Even balconies are part of the overall picture and continuum. The direction that doors and windows face is also significant. Hospital patients recover better when they can see trees and views of nature through the window. Pets and household plants are also part of nature. Even virtual nature helps people see things from a new perspective.
Nature is culture, stories, peace and a sense of community. Enjoy nature in diverse ways and you will get more out of it. Use your sense of smell and your sense of touch!
· Biodiversity refers to the diversity of nature. As a concept, it covers habitats, species and individuals.
· Studies have shown that biodiversity protects people from infectious and non-infectious diseases. That is why biodiversity loss poses a direct threat to human well-being.
· Natural environments increase the amount of health-promoting microbes in the human body. Occasional visits to nature do not produce adequate exposure to microbes. The key is to spend time in nature several times per week.
· Species loss has an impact on health and well-being through food security, for example. The loss of pollinating insects presents a threat to plant production. Biodiversity loss can also expose people to lifestyle diseases, such as asthma and allergies.
· The favourite type of local nature for most city dwellers is a large forest in its natural state. People who live in densely built areas enjoy parks the most. Waterfront promenades are the third-most popular type of local nature, followed by fields and meadows.

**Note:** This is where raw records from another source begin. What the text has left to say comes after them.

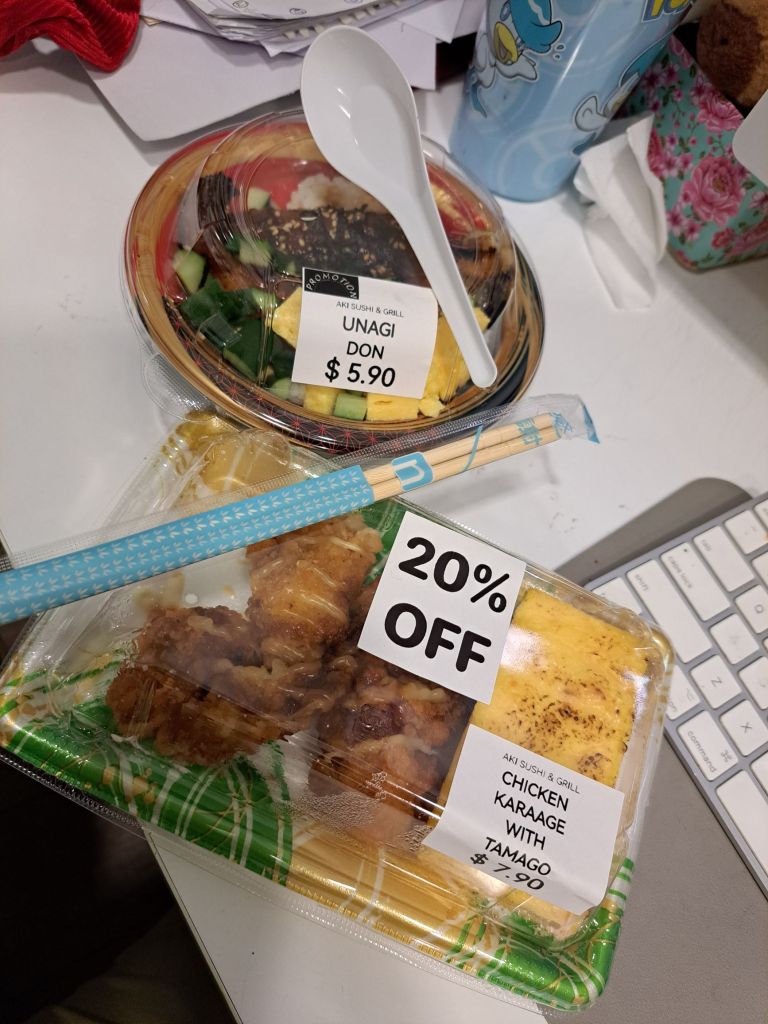 先前我想着aiya 忘了拿现金, 想转头, 但快关门的时间段, 9pm, 我不能往后去。如果不允许我用Paywave , 那就算了吧。 不过一切船到桥头自然直。 顺利的可以刷卡和问到了buy one free one deal, 虽然不是再加$5.90 *20%off, 这俩个选择是我的选择, 自己赚来的钱, 自己开心花。 当然我的贪是有度的, 不要拿salmon的, 而选择了chicken karaage & tamago。
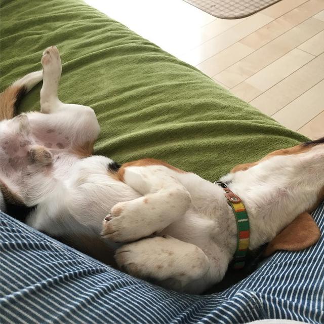 ヘソ天写真集! ようやく撮れました☺️✨ ・ さぁ夕方のお散歩行きましょうかね〜 ・ #みろり #ビーグル #犬バカ部 #ヘソ天
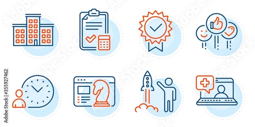 Time management, Like and Accounting checklist signs. Company, Launch project and Seo strategy line icons set. Certificate, Medical help symbols. Building, Business innovation. Vector
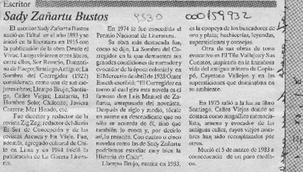 Falleció escritor Sady Zañartu Bustos. [artículo]
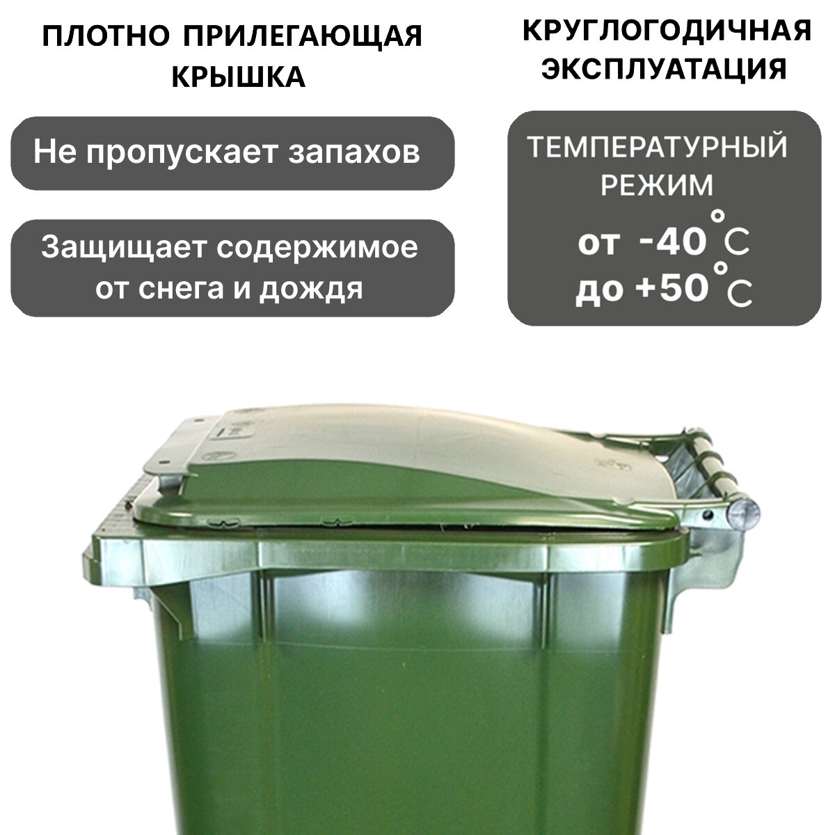 Мусорный контейнер для отходов предлагает высокую устойчивость к повреждениям, легкость, удобство в использовании и транспортировке. Плотно закрывающаяся крышка предотвращает выход неприятных запахов. Мусорный бак изготовлен из материала, который способен противостоять агрессивным химическим веществам. Он прост в уходе и долго сохраняет свой привлекательный вид и функциональность, что ставит его в ряды с лучшими альтернативами традиционным металлическим бакам.

· One hope expressed by city dwellers is that local nature should provide good opportunities for outdoor recreation and sports. Biodiversity and keeping nature areas close to their natural state are also considered important: vegetation and trees should be kept as untouched as possible. People also wish to see large nature areas preserved.
· The surveyed residents want to enjoy peace and quiet in local nature but, in densely built areas, people particularly favour attractively designed and well-maintained parks.
· There was an increase in people’s desire to move out of large cities in 2021. More than one-third of the residents of Helsinki, Espoo and Vantaa were more willing than before to move to the surrounding municipalities.
· Nature is also close to people in their homes, where they have spent more time than before during the pandemic. Two out of three city dwellers would like to have an apartment with a glazed balcony that they can enjoy all year round.
These results are from the Sustainable Urban Environments barometer, which is a survey among more than 1,000 Finnish city dwellers commissioned by YIT and conducted by Prior Konsultointi in September 2021. The barometer survey, which was conducted for the fourth time, aimed to reveal the types of urban environments people in Finland wish to see developed. The participating city dwellers expressed their views on various themes, such as home, work and urban environment, and transport.